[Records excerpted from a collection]

=====

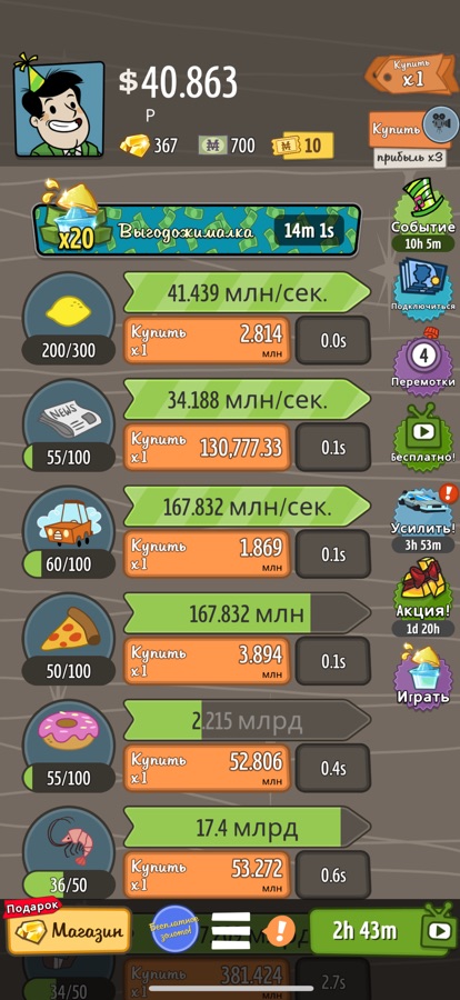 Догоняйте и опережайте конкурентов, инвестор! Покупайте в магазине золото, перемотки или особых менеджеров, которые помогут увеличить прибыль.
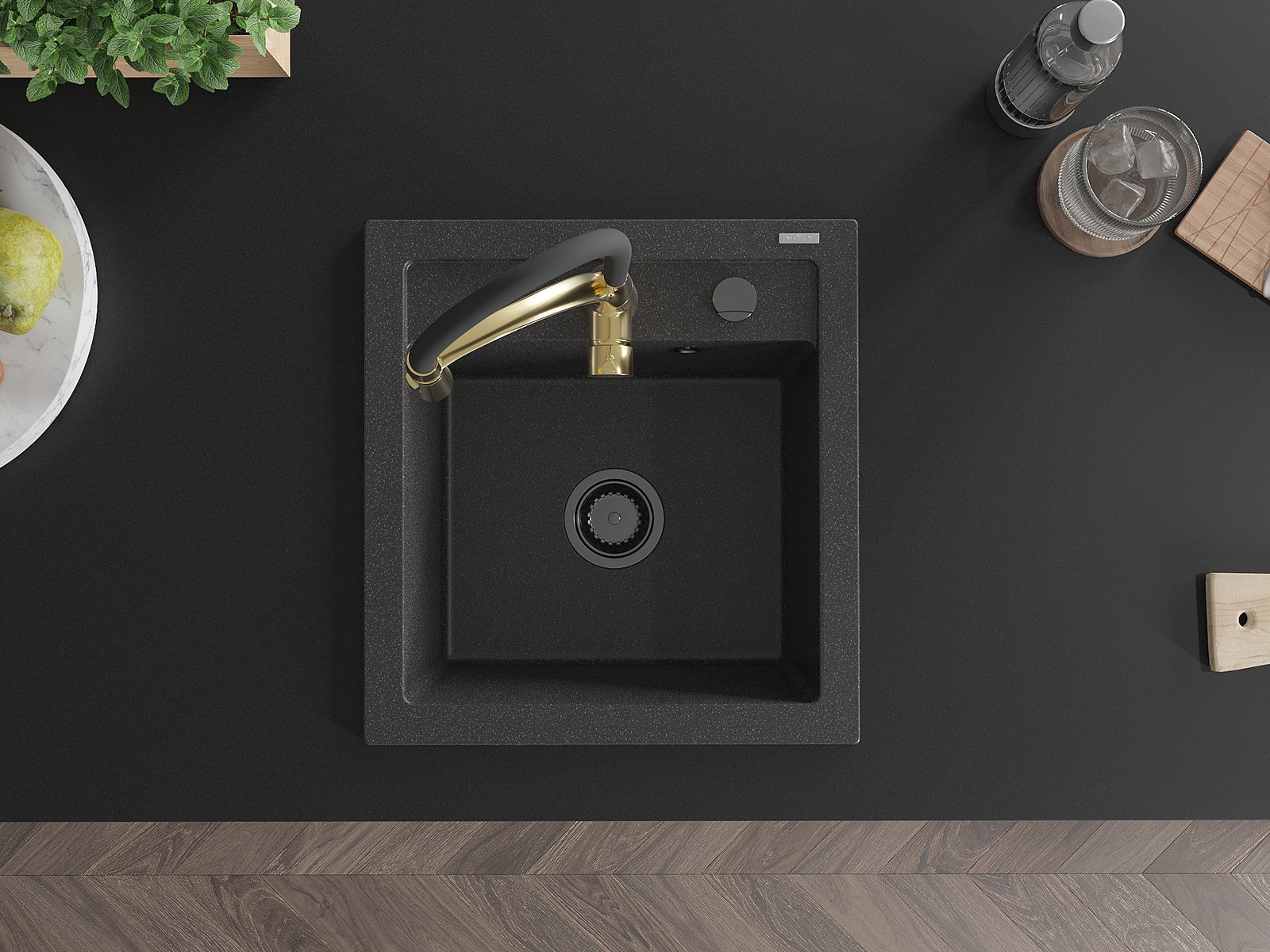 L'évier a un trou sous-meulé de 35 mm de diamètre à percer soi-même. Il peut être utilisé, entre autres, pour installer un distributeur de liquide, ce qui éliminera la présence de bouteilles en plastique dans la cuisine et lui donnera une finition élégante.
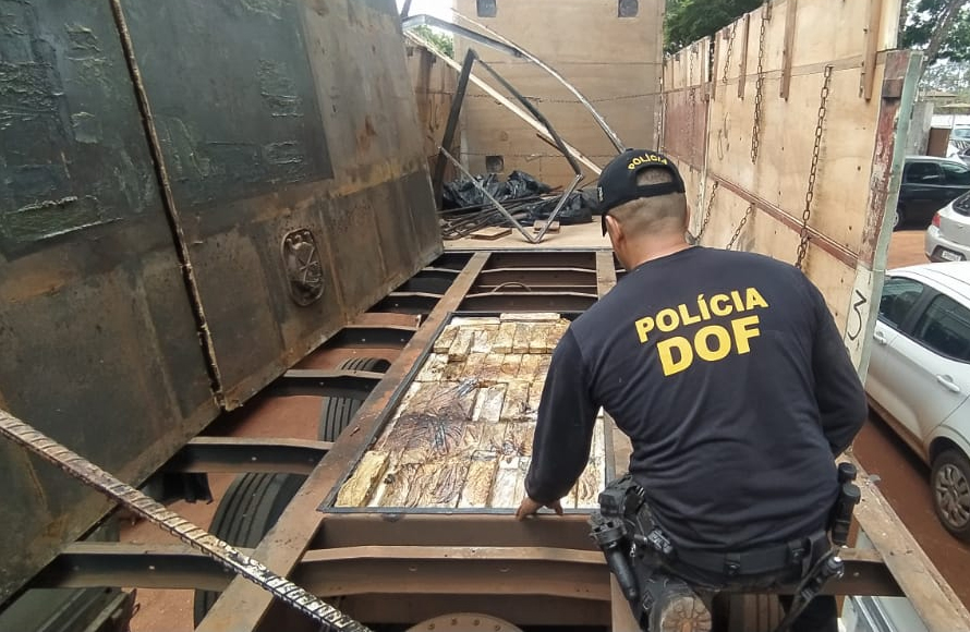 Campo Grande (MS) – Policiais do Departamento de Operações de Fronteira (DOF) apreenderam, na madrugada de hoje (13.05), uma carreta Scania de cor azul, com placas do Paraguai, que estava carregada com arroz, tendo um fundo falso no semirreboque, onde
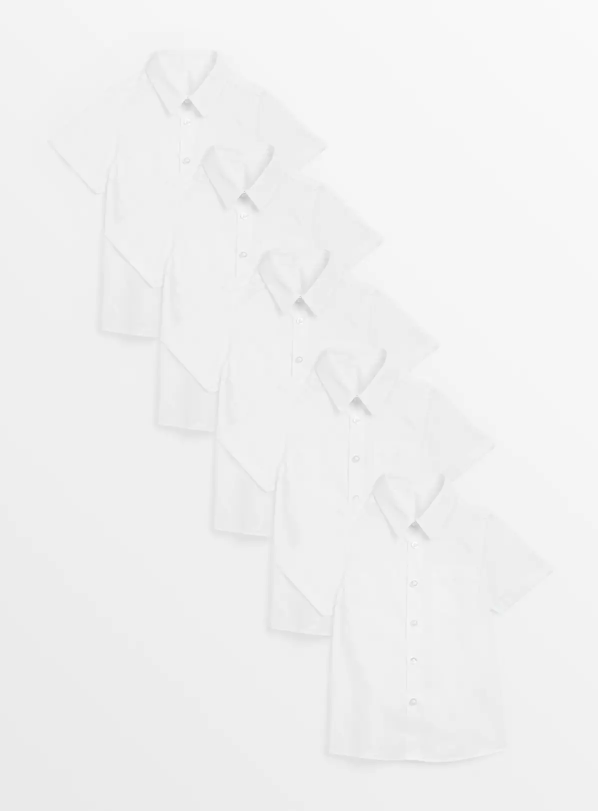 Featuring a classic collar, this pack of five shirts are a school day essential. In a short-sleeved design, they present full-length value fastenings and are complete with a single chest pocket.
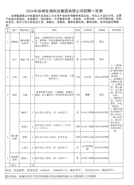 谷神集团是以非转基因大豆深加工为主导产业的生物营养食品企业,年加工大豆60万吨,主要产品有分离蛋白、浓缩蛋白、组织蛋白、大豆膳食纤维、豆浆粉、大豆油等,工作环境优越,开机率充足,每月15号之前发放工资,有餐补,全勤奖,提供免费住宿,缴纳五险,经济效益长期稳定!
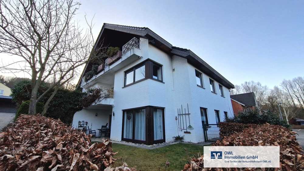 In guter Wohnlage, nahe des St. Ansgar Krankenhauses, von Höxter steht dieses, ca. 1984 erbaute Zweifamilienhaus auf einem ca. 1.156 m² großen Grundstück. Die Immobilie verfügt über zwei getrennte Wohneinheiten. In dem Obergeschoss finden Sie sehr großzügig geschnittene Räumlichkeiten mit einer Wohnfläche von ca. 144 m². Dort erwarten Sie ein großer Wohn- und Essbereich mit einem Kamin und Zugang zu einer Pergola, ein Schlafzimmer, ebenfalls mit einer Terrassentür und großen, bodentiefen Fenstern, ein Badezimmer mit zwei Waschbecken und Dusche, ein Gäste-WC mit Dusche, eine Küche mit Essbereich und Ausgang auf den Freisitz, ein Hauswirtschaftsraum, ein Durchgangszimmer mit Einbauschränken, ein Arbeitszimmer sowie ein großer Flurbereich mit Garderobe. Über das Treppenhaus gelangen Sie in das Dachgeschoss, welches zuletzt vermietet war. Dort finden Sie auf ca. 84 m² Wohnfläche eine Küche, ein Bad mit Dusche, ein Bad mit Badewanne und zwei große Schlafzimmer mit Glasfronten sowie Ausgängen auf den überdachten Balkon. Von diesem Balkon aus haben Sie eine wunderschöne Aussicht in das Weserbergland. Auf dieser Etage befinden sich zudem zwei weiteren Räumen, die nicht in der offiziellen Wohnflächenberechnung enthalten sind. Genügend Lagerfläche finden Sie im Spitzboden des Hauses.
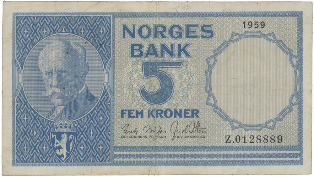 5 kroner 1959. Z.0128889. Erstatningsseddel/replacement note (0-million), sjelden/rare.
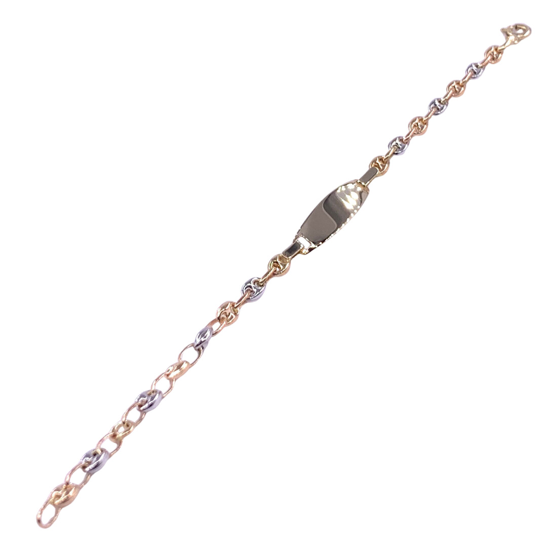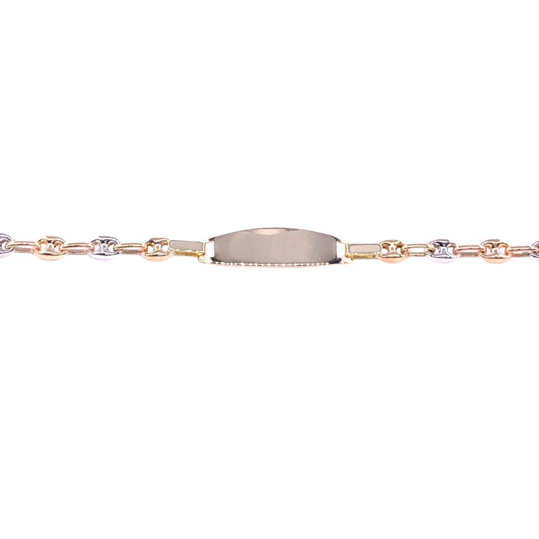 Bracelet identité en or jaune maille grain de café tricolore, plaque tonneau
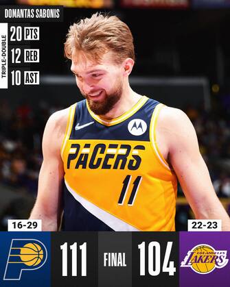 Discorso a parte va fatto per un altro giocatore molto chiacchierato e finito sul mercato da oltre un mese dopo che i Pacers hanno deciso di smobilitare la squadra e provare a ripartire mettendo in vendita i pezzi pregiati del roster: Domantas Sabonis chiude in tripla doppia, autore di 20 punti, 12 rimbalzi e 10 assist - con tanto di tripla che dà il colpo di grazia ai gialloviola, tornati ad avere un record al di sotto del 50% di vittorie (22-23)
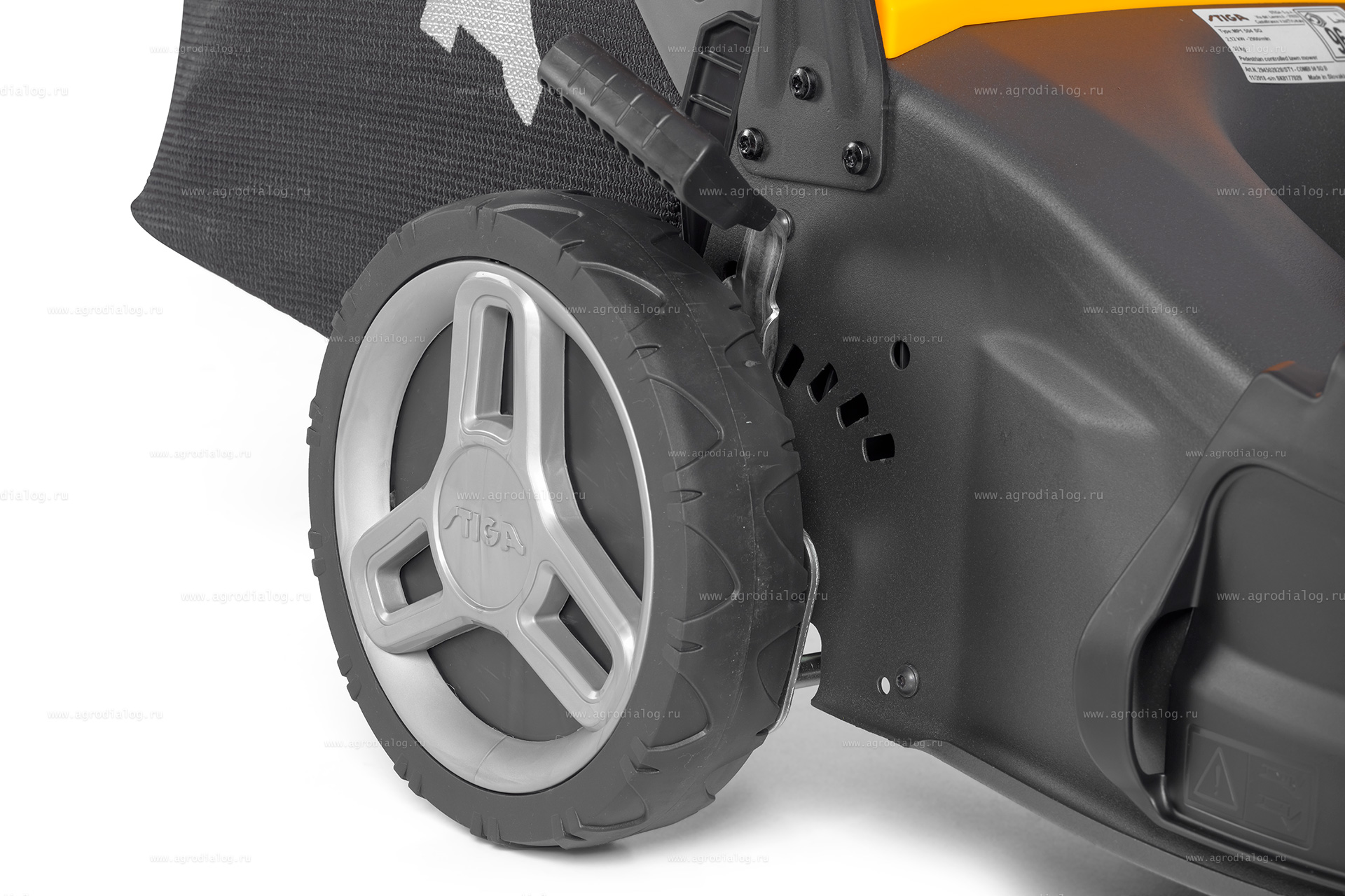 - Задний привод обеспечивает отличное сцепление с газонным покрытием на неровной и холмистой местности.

=====

Assigned task: Pictures do not go in the copy; print every entry exactly as it stands.

Solution for this task:
 Догоняйте и опережайте конкурентов, инвестор! Покупайте в магазине золото, перемотки или особых менеджеров, которые помогут увеличить прибыль.
 L'évier a un trou sous-meulé de 35 mm de diamètre à percer soi-même. Il peut être utilisé, entre autres, pour installer un distributeur de liquide, ce qui éliminera la présence de bouteilles en plastique dans la cuisine et lui donnera une finition élégante.
 Campo Grande (MS) – Policiais do Departamento de Operações de Fronteira (DOF) apreenderam, na madrugada de hoje (13.05), uma carreta Scania de cor azul, com placas do Paraguai, que estava carregada com arroz, tendo um fundo falso no semirreboque, onde
 Featuring a classic collar, this pack of five shirts are a school day essential. In a short-sleeved design, they present full-length value fastenings and are complete with a single chest pocket.
 谷神集团是以非转基因大豆深加工为主导产业的生物营养食品企业,年加工大豆60万吨,主要产品有分离蛋白、浓缩蛋白、组织蛋白、大豆膳食纤维、豆浆粉、大豆油等,工作环境优越,开机率充足,每月15号之前发放工资,有餐补,全勤奖,提供免费住宿,缴纳五险,经济效益长期稳定!
 In guter Wohnlage, nahe des St. Ansgar Krankenhauses, von Höxter steht dieses, ca. 1984 erbaute Zweifamilienhaus auf einem ca. 1.156 m² großen Grundstück. Die Immobilie verfügt über zwei getrennte Wohneinheiten. In dem Obergeschoss finden Sie sehr großzügig geschnittene Räumlichkeiten mit einer Wohnfläche von ca. 144 m². Dort erwarten Sie ein großer Wohn- und Essbereich mit einem Kamin und Zugang zu einer Pergola, ein Schlafzimmer, ebenfalls mit einer Terrassentür und großen, bodentiefen Fenstern, ein Badezimmer mit zwei Waschbecken und Dusche, ein Gäste-WC mit Dusche, eine Küche mit Essbereich und Ausgang auf den Freisitz, ein Hauswirtschaftsraum, ein Durchgangszimmer mit Einbauschränken, ein Arbeitszimmer sowie ein großer Flurbereich mit Garderobe. Über das Treppenhaus gelangen Sie in das Dachgeschoss, welches zuletzt vermietet war. Dort finden Sie auf ca. 84 m² Wohnfläche eine Küche, ein Bad mit Dusche, ein Bad mit Badewanne und zwei große Schlafzimmer mit Glasfronten sowie Ausgängen auf den überdachten Balkon. Von diesem Balkon aus haben Sie eine wunderschöne Aussicht in das Weserbergland. Auf dieser Etage befinden sich zudem zwei weiteren Räumen, die nicht in der offiziellen Wohnflächenberechnung enthalten sind. Genügend Lagerfläche finden Sie im Spitzboden des Hauses.
 5 kroner 1959. Z.0128889. Erstatningsseddel/replacement note (0-million), sjelden/rare.
 Bracelet identité en or jaune maille grain de café tricolore, plaque tonneau
 Discorso a parte va fatto per un altro giocatore molto chiacchierato e finito sul mercato da oltre un mese dopo che i Pacers hanno deciso di smobilitare la squadra e provare a ripartire mettendo in vendita i pezzi pregiati del roster: Domantas Sabonis chiude in tripla doppia, autore di 20 punti, 12 rimbalzi e 10 assist - con tanto di tripla che dà il colpo di grazia ai gialloviola, tornati ad avere un record al di sotto del 50% di vittorie (22-23)
 - Задний привод обеспечивает отличное сцепление с газонным покрытием на неровной и холмистой местности.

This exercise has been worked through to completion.